The upper quartile, \(Q_3\), has 75% of the data below it, and 25% of the data above it.

The IQR is then calculuated as \(IQR=Q_3-Q_1\).

The IQR is totally unaffected by outliers but only measures how dispersed the central 50% of the data is. The range and the IQR therefore complement each other.

The sample standard deviation (\(s\))

Often written as \(SD(x)\), this is the square root of the sample variance, i.e. \(\sqrt{s^2}\), where

\[\begin{split}\begin{aligned} s^2&=\frac{1}{n-1}\sum\limits_{i=1}^n(x_i-\bar x)^2\\&=\frac{1}{n-1}\left\{\sum\limits_{i=1}^n x_i^2-\frac{1}{n}\left(\sum\limits_{i=n}^n x_i\right)^2\right\}.\end{aligned}\end{split}\]

\(s^2\) is a type of average of the squared deviations of the data from its mean value. Why divide by \((n-1)\) rather than \(n\)? This gives the unbiased estimator of the variance of the whole population. Dividing by \(n\) tends to give too low a value.

Calculating \(s^2\) is best done using a computer package like R or by using the STAT mode on your calculator. Computing via the first equality above is slow and error-prone. The second equality is mainly of theoretical interest but is sometimes useful if no computer is available and the data is given only as a grouped frequency table.

Note

All three measures, (range, IQR and standard deviation) are in the same units as the original data.
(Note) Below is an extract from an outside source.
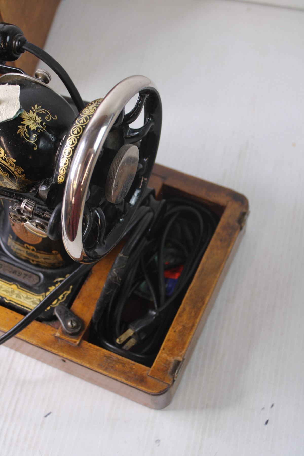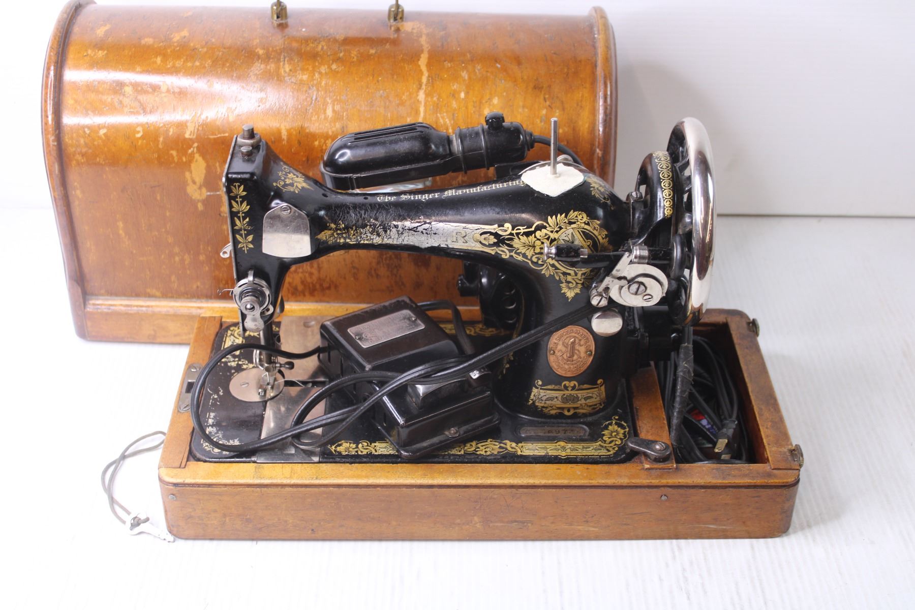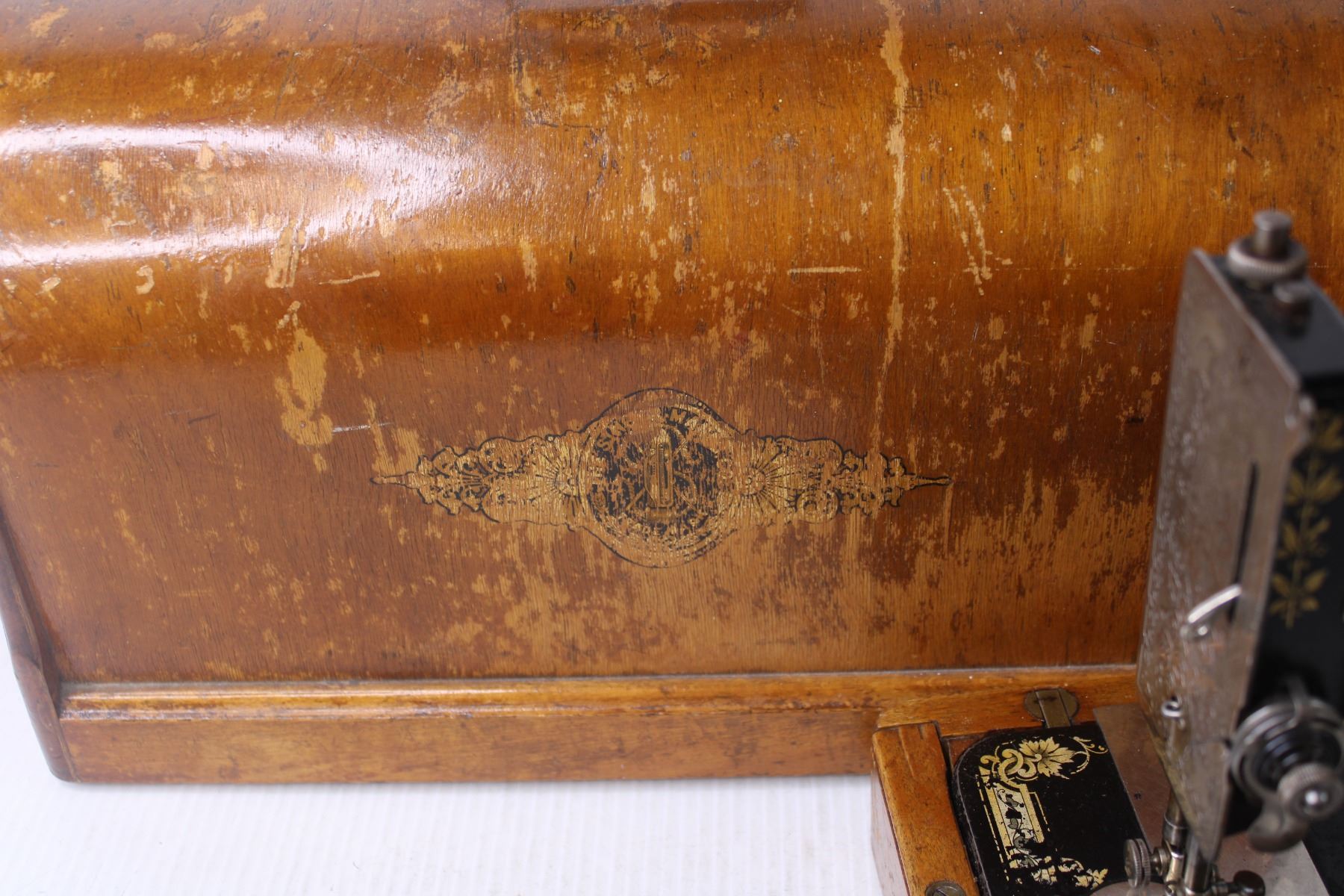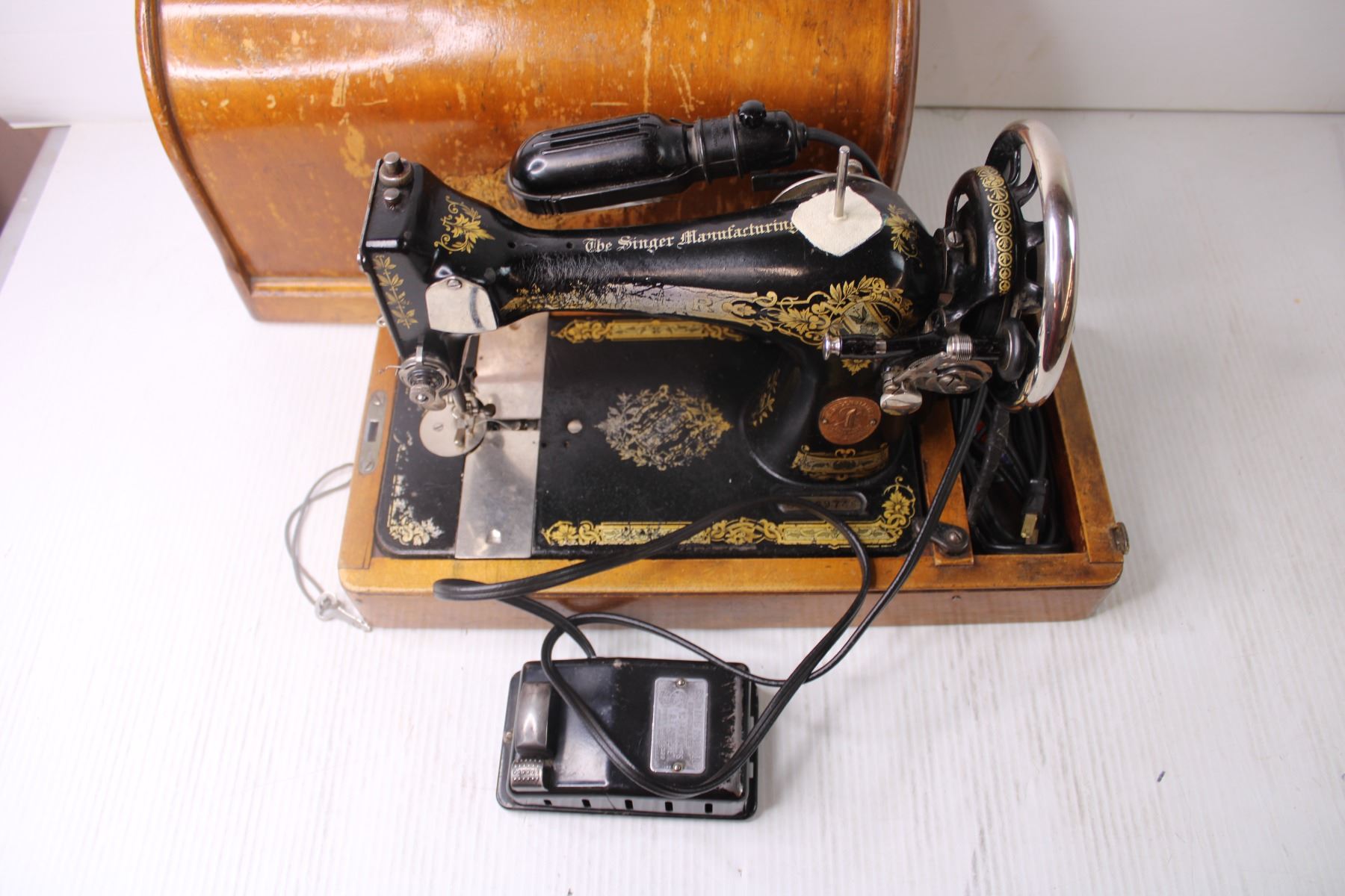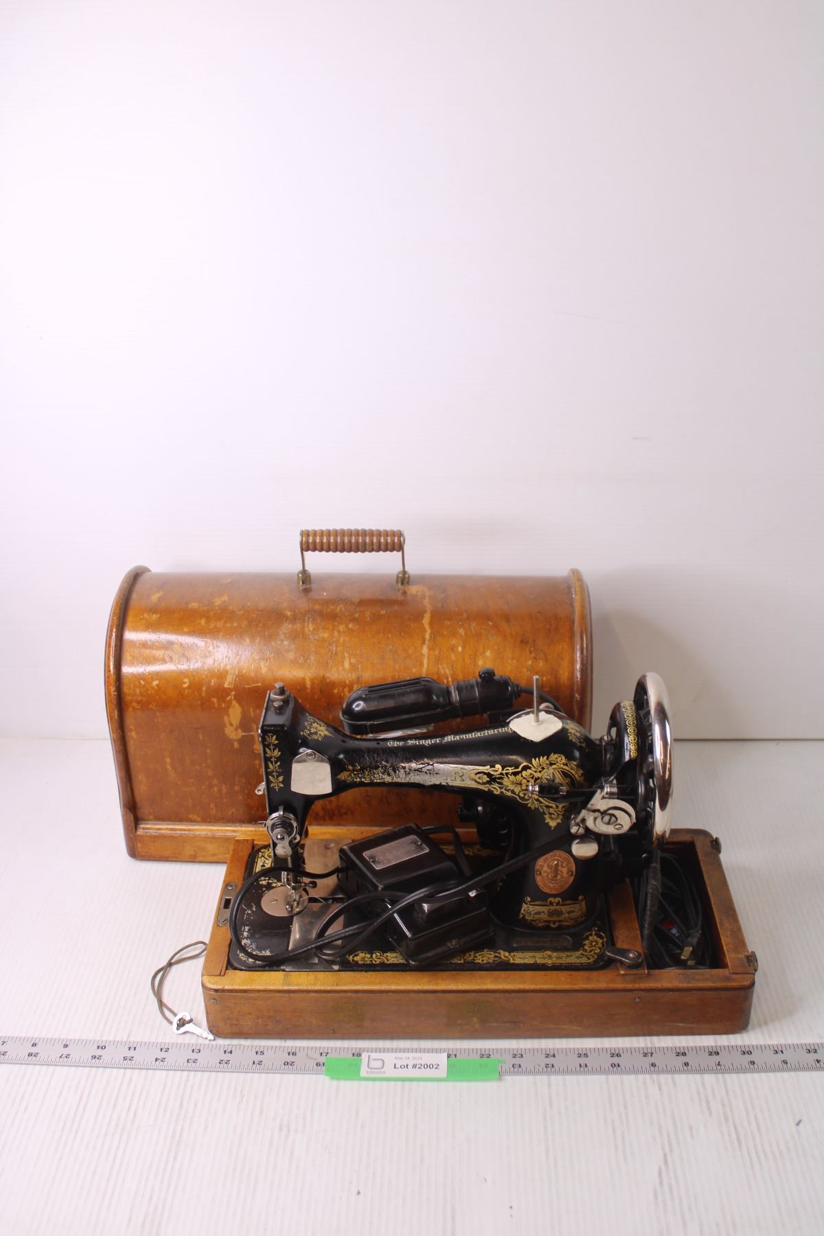 *Antique Singer Sewing Machine in Wooden Case with Key

The sample variance, \(s^2\), is in (units)\(^2\).

The Box and Whisker Plot

This is a useful graphical technique for summarising and comparing medium to large sets of data. It is based on the so-called five-number summary, which consists of:

  • The median, represented by the line inside the box.

  • The upper and lower quartiles, represented by the upper and lower sides of the box.
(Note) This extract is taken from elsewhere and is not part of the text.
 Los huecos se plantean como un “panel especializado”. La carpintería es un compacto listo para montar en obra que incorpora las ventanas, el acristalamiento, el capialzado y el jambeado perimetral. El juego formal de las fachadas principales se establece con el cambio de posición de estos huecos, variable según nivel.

  • The maximum and minimum, represented by the extreme ends of the ‘whiskers’ provided these are no more than \(1.5 \times IQR\).

  • Outliers, any data points beyond \(1.5 \times IQR\), are represented by an asterix or dot.

For multiple boxplots, the width of each box is sometimes plotted to be propotional to the square root of the sample size in order to indicate the size of each group.

Warning

It’s important to note that boxplots show the median, not the mean. A common pitfall when interpreting boxplot is to start waxing lyrical about how it shows something about the mean. It does not (although some boxplots do add the mean as an extra marker); the line across the box is the median.